Dalam Pusat Islam yang terletak dua blok dari Ground Zero (jadi tidak pas
di atas Ground Zero) itu ada fasilitas masjid yang bisa menampung seribuan
jamaah (atau mungkin lebih, saya sendiri belum pernah ke sana) serta pusat studi
dan budaya Islam, tetapi di situ juga ada kolam renang, ruang gym,
restoran, serta pertokoan. Jadi Park51 memang bukan masjid.
Namun, awalnya
memang bangunan pencakar langit itu mau diberi nama Cordoba House sebagai pengingat masa antara abad kedelapan
hingga ke-11 SM di Provinsi Cordoba (Spanyol) di mana pada waktu itu umat
Islam, Kristen, dan Yahudi hidup berdampingan secara damai. Tapi nama
Cordoba masih dianggap sensitif karena masih berbau-bau agama. Karena itu
dipilih nama Park51 yang dianggap netral.
Namun yang
menjadikan peristiwa Ground Zero
Mosque ini menarik adalah bahwa orang (Amerika) marah, tidak setuju,
protes ketika akan didirikan sebuah masjid di Ground Zero. Salah satu
poster yang diacung-acungkan berbunyi, “Kalian
boleh membangun masjid di Ground Zero kalau kami sudah bisa mendirikan
sinagog (“masjid” orang Yahudi) di Mekkah.” Suatu ekspresi yang sangat
dipenuhi prasangka.
Padahal, kata
umat Islam, masjid adalah rumah Tuhan, sementara orang Yahudi menyebut
sinagog juga sebagai rumah Tuhan. Di Indonesia banyak terjadi kasus
pelarangan pendirian gereja atau pelarangan penggunaan gereja untuk tempat
ibadah karena lingkungan tempat itu adalah lingkungan muslim.
Padahal gereja
juga rumah Tuhan buat kaum Nasrani. Kan aneh kalau para umat itu saling
melarang membuat rumah Tuhan seolah-olah setiap agama punya Tuhan sendiri:
TI (Tuhannya Islam), TY (Tuhannya Yahudi), dan TK (Tuhannya orang Kristen).

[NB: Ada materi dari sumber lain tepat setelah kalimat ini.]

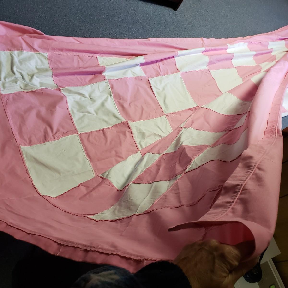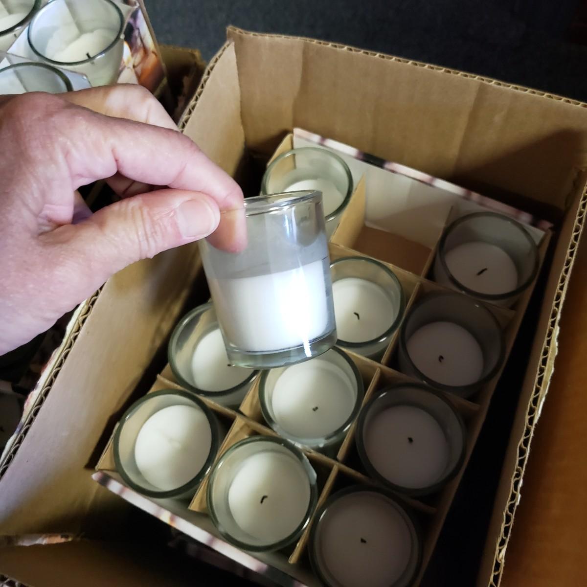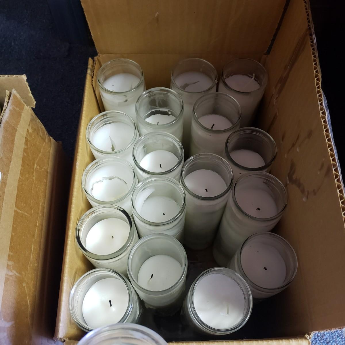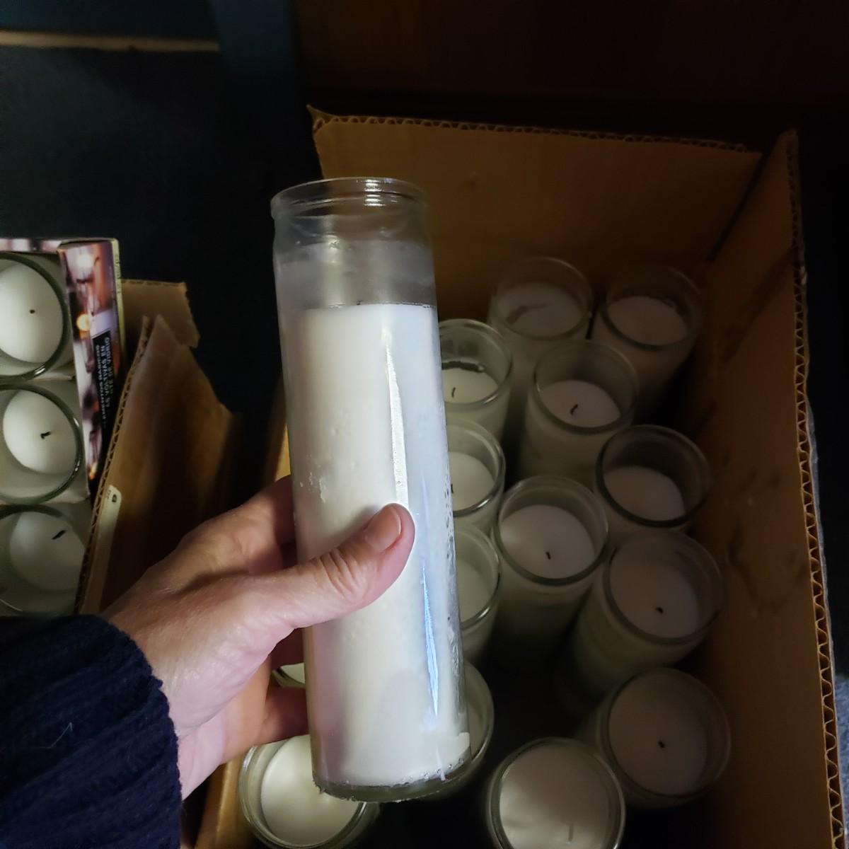 Pink, black and white Bop Til Ya Drop banner measures 16feet x 90" and is hand-sewn out of cotton material. There is a box of streamers and a red sparkly tower. There are multiple boxes of votive candles (have been lit previously) and one box of 8" white candles in clear glass jars.
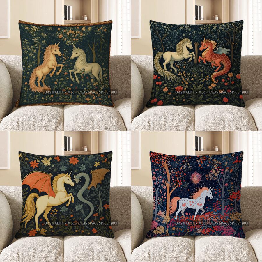 Home Decor Unicorns in Floral Forest Pillow Cover Pattern Cushion Cover Suitable for Sofa Bedroom Car Pillow Cover
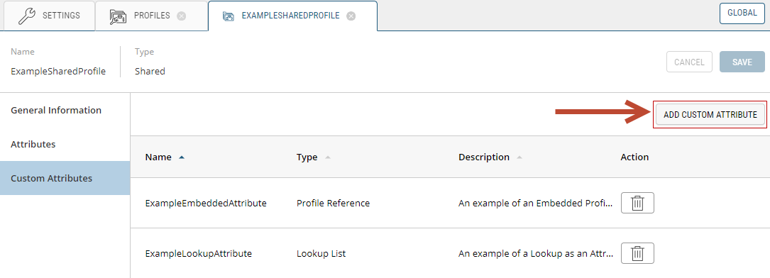 When creating a Custom Profile, you may want to link an existing Profile to it. To do this, go to the Settingsmodule of the Order Management application and open the Profile Definitions section. Select the Profile you want to link, then select the Custom Attributes section.
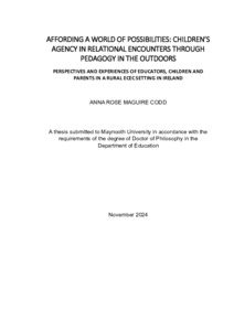 Maguire Codd, Anna Rose (2024) Affording a world of possibilities: Children's agency in relational encounters through pedagogy in the outdoors. PhD thesis, National University of Ireland Maynooth.
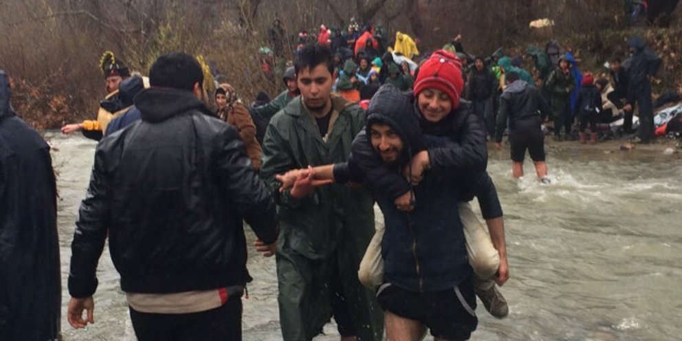Στο δρόμο πίσω για την Ειδομένη -Πρόσφυγες γυρίζουν πίσω ακολουθώντας έναν ποταμό από την ΠΓΔΜ
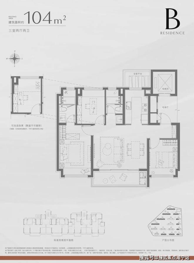 104㎡三房两厅两卫:约5.3米大横厅 + 270°转角窗,LDKB一体化,改善首选
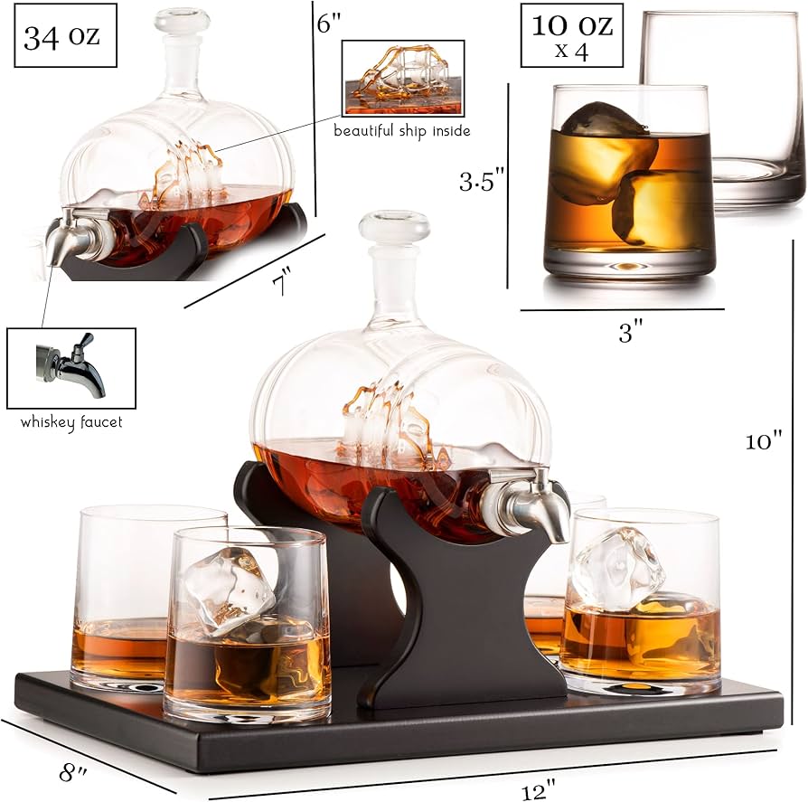• 👑SHIP IN A BOTTLE – A Work of Art, A Conversation Starter: Each whisky Barrel bourbon decanter is a skilled artisan’s decorative handblown masterpiece, with a custom designed ship on the inside, detailed and beautiful, you will be so proud to use and display.
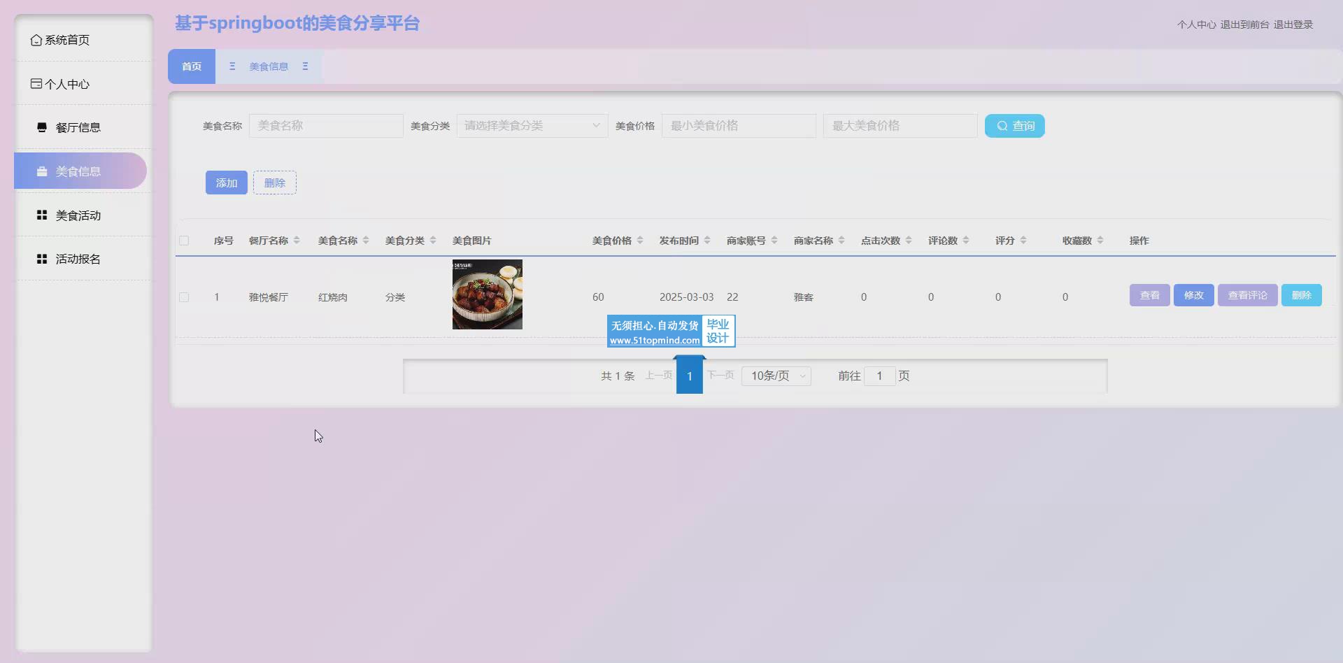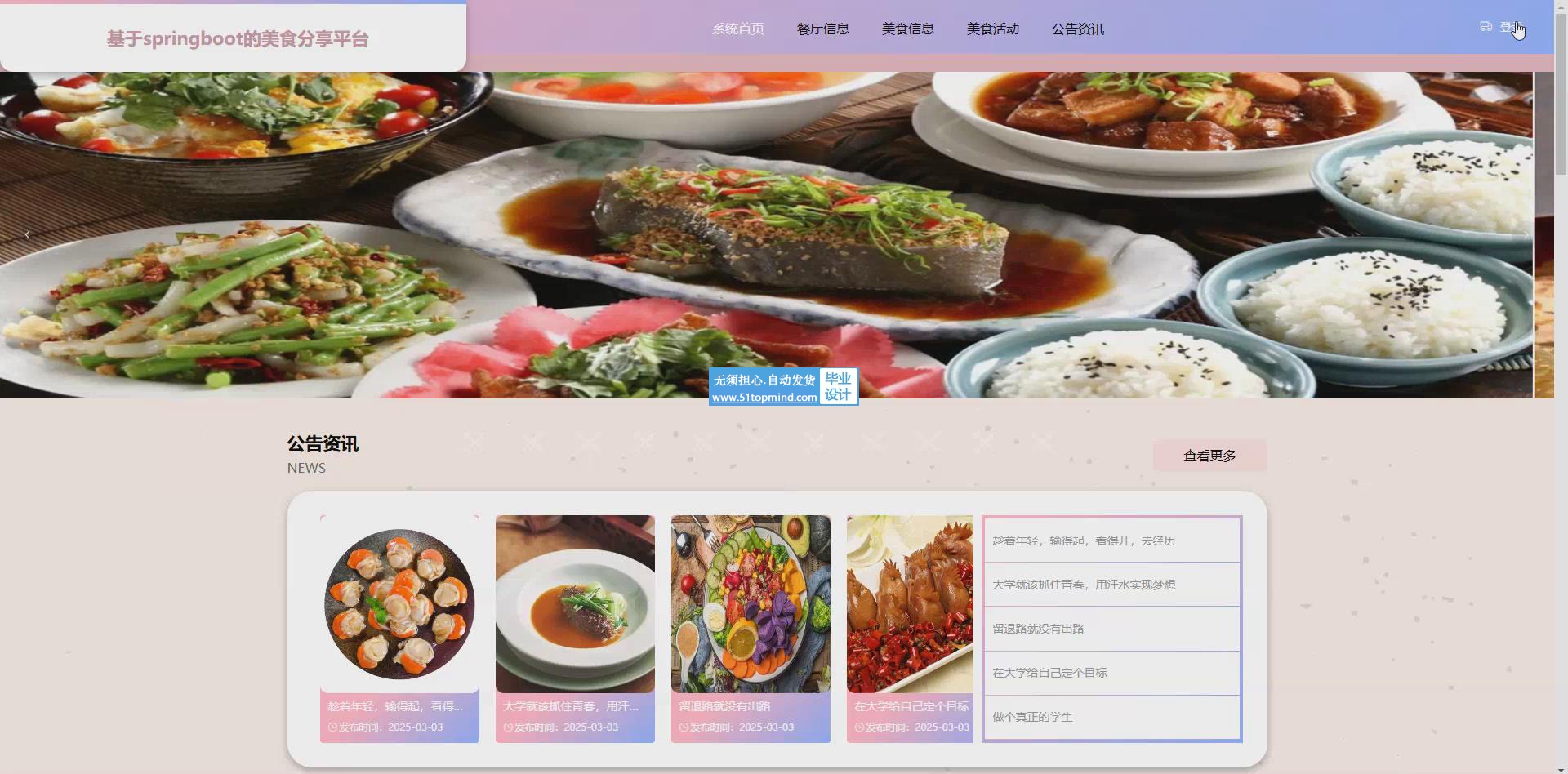 本文围绕基于 Spring Boot 的美食分享平台展开研究。阐述了在信息技术发展促使美食分享平台兴起的背景下,该平台在满足用户需求和技术应用创新方面的重要意义。详细分析了国内外美食分享平台的研究现状,介绍了开发所涉及的多种技术。通过可行性分析、角色与功能需求分析进行系统设计,涵盖系统结构、商家、用户、管理员功能设计及数据库设计。还阐述了系统开发与运行环境,并对商家、用户、管理员功能实现进行探讨,为美食分享平台的建设提供了全面的方案。
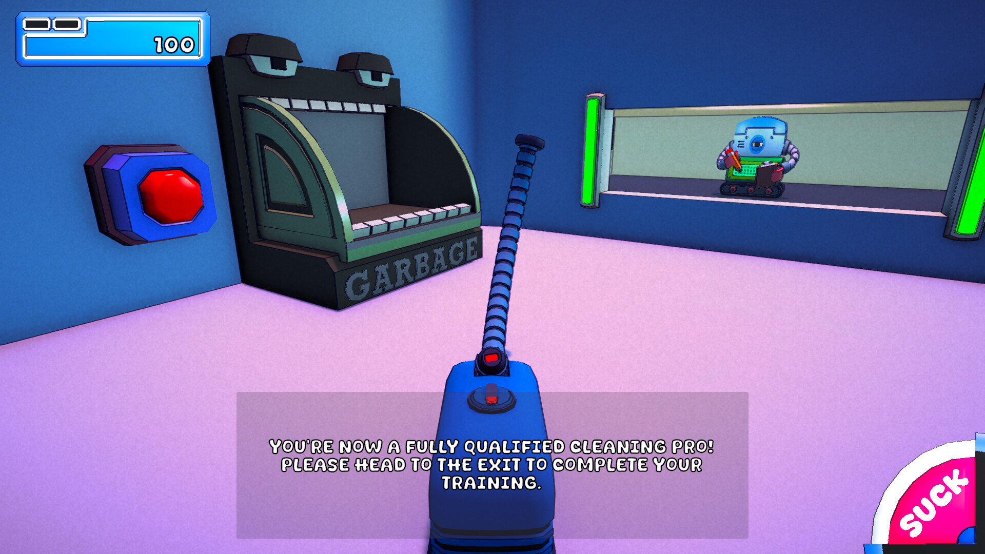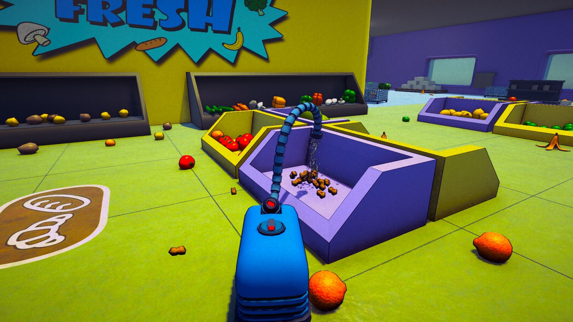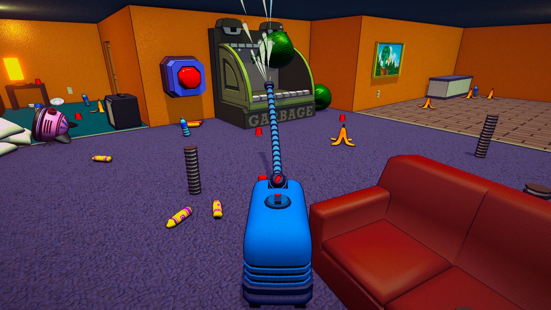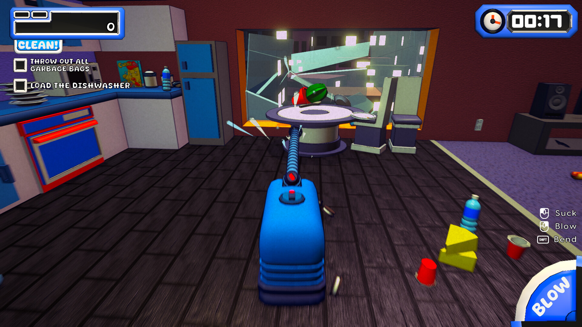 Vacuum trash, smash objects, and overachieve by clearing every corner of the levels
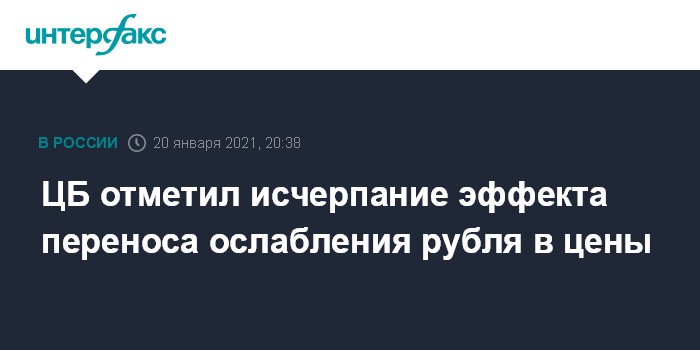 Москва. 20 января. INTERFAX.RU - Признаки постепенного исчерпания эффекта переноса произошедшего ослабления рубля в цены отмечались в декабре, говорится в комментарии Банка России по инфляции.
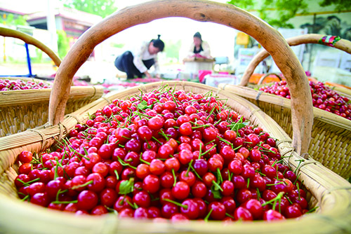 近日,山東省棗莊市山亭區(qū)水泉鎮(zhèn)萬畝櫻桃集中成熟,個(gè)大色艷、酸甜可口的大紅櫻桃成為人們休閑消費(fèi)的搶手貨,呈現(xiàn)出產(chǎn)銷兩旺的良好態(tài)勢。圖為石盆村農(nóng)民在分裝櫻桃。 劉明祥 攝
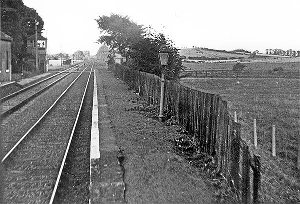Photo from Colin Ashmore from Railways of Berwick and the Eastern Borders Facebook Group ![]() Looking north-east along the down platform at Twizell, probably from a Kelso-bound train. The date is September 1955, so the station had closed to all traffic a few weeks earlier when passenger trains ceased to call. With its clean white lining and lanterns still in place the station could still be in use. To the left the main building and up platform ramp are visible with the signal box close to the level crossing. The goods yard at this station closed in 1953 and the sidings which were beyond the level crossing on the down side have been removed.

Padahal kita semua percaya bahwa Tuhan itu hanya satu, yang berlaku untuk
semua. Loh, bagaimana ini? Tuhan itu satu apa banyak?
Kalau satu,
mengapa rumahnya bermacam-macam dan tiap umat saling melarang membuat rumah
Tuhan orang lain di wilayah tempat tinggal masing-masing? Inilah yang
namanya paradoks. Tapi kalau Tuhan itu banyak, bukankah kita percaya pada
sila pertama dari Pancasila, yaitu “Ketuhanan Yang Maha Esa”? Founding fathers Republik Indonesia,
sebelum Proklamasi dipidatokan pada 17 Agustus 1945, telah sepakat bahwa
sila pertama dari Pancasila, dasar negara Indonesia, haruslah berbunyi
“Ketuhanan Yang Maha Esa”.
Mereka yakin
benar bahwa kalau salah memilih dasar negara yang pertama, tidak akan
terjadi persatuan dan kesatuan Indonesia. Bayangkan jika sila pertama itu
berbunyi “Tiada Tuhan selain Allah”, sudah pasti semua yang menamai
Tuhannya dengan istilah lain selain Allah akan protes dan sudah sejak 1945
negara ini pecah jadi beberapa negara kecil, yaitu Negara Islam Indonesia
(NII), Kristen, Katolik, Hindu, dan Buddha. Kata “Ketuhanan Yang Maha Esa”
memang sengaja dipilih karena Tuhan adalah istilah generik untuk semua.
Dengan demikian
semua pihak bisa menerima kata Tuhan. Termasuk penganut Buddha yang tidak
punya konsep Tuhan seperti yang diyakini umat agama Barat (Yahudi, Kristen,
dan Islam). Tapi ketika masuk ke dalam jalur praktik seharihari, di sinilah
timbul masalah.
Pada sekitar
tahun 1985, saya pernah mengikuti sebuah kongres internasional psikologi
yang diselenggarakan sebuah universitas Katolik di San Fransisco. Karena
namanya juga universitas Katolik, saya membayangkan agak sulit mencari
tempat salat di kampus itu. Tapi saya lihat ada mahasiswa-mahasiswa yang
berseliweran yangbertampang Timur Tengah. Maka saya sapa mereka dan memang
mereka mahasiswa dari sana.
Ada yang dari
Mesir, Suriah, dan Qatar atau Bahrain (saya lupa persisnya). Kemudian saya
tanya,di mana tempatnya kalau mau salat dan mereka menunjuk ke sebuah
gereja besar yang terletak di depan kampus. Maka saya pun menuju ke gereja
itu, yang dari luar tampak seperti gereja-gereja lain di seluruh dunia.
Tapi di lantai
dasar (lantai satu) ada petunjuk bertuliskan “mosque” dan saya mengikuti
petunjuk serta masuk ke suatu ruangan luas yang sudah dipermak menjadi
masjid, persis seperti masjid-masjid lain di seluruh dunia. Karpet digelar
untuk salat, ada mimbar, rak-rak buku berisi Alquran dan tempat wudu.
Ada beberapa
mahasiswa Timur Tengah di sana yang juga selesai salat zuhur, maka kami pun
ngobrol basa-basi. Inilah barangkali yang disebut “rumah Tuhan” yang
sesungguhnya di mana Tuhan membolehkan siapa saja untuk mengunjungi rumahnya.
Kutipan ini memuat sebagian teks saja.